Un’unità mobile raggiunge i quartieri a rischio delle città,
per sensibilizzare le famiglie sul tema dell’alimentazione sana e
per prendere in carico i bambini in condizione di grave povertà.
Si cerca di far incontrare le mamme, assisterle con i buonipasto ma soprattutto aiutarle a essere autonome.
Si lavora al coordinamento con i Comuni.
Si intercettano le madri nei reparti di maternità degli
ospedali, da dove escono con il piccolo ma spesso senza mezzi per
mantenerlo.
Si tenta di sostenere prima l’allattamento materno, poi lo
svezzamento: chi non ha soldi per gli omogeneizzati impara a usare
alimenti freschi, frutta, verdura.
E in questi giorni parte "Allarme infanzia", la campagna a
sostegno dei minori a rischio.
NUOVE CAMPAGNE
"Avere ‘na fija è come avere la peste. Appena dici che sei
mamma te dicono ciao.
Vivo di lavori saltuari.
Lascio le bimbe al nido, in ludoteca o qui.
Non voglio
andare in una casa famiglia". (Monica)
Comfort è una nigeriana di rara bellezza.
Ha 34 anni e un
figlio di 4 anni e due mesi, Daniel.
È entrata in Italia da clandestina, dopo un viaggio
attraverso il deserto e il mare.
Ha lavorato come donna delle
pulizie, baby-sitter, colf, badante, giardiniera.
Il padre di Daniel l’ha abbandonato.
Molti bambini che si
incontrano qui a Tor Vergata sono senza papà.
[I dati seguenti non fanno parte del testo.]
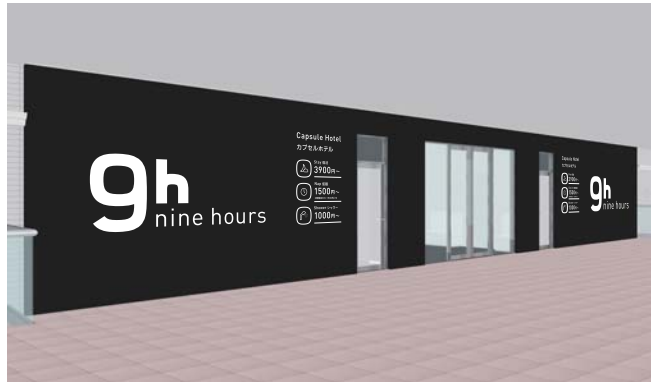
エントランス イメージ
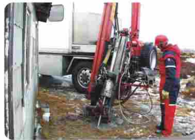
Prøvetaking / sampling
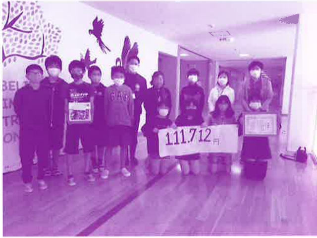
学童募金贈呈式の様子 (美東小学校)
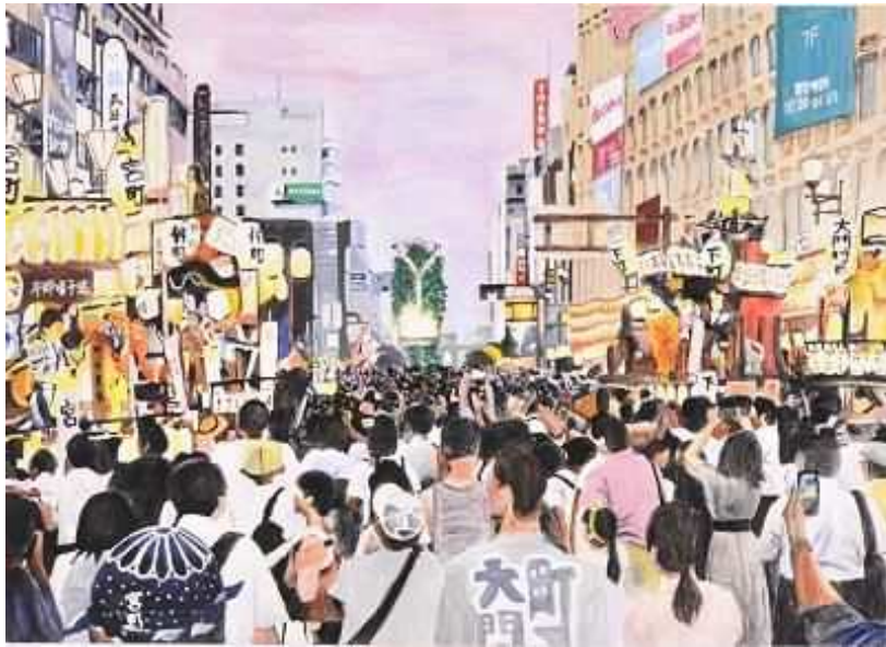
『輝き続ける大宮の夏祭り』
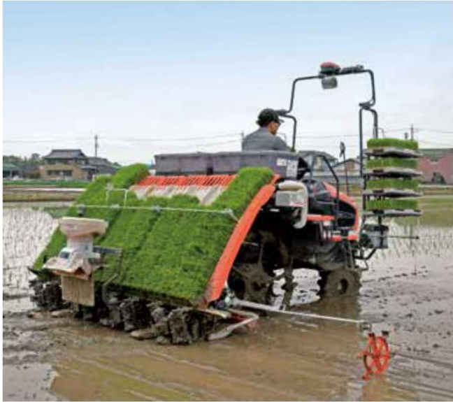
順調に田植えを行う山口トラクター

この日JA弥富地域農業機械銀行受託部会に所属する山口トラクターはおよそ2ヘクタール田植えを行いました。順調に育てば8月上旬に収穫、中旬から出荷が始まります。

È un fenomeno che non riguarda solo gli immigrati.
La
coesione sociale si sfalda.
Scene che siamo soliti collegare
alla società americana si ripetono anche da noi.
L’uomo che apre
il fuoco contro i simboli dello Stato o che afferra un piccone per
aggredire i passanti.
È anche, mutato il molto che c’è da mutare, l’uomo che si
sottrae alle sue responsabilità e lascia la madre dei suoi figli
da sola con la miseria.
Quando Save the Children fu fondata, nel 1919, l’Italia
uscita dalla Grande Guerra era tra i Paesi poveri da assistere.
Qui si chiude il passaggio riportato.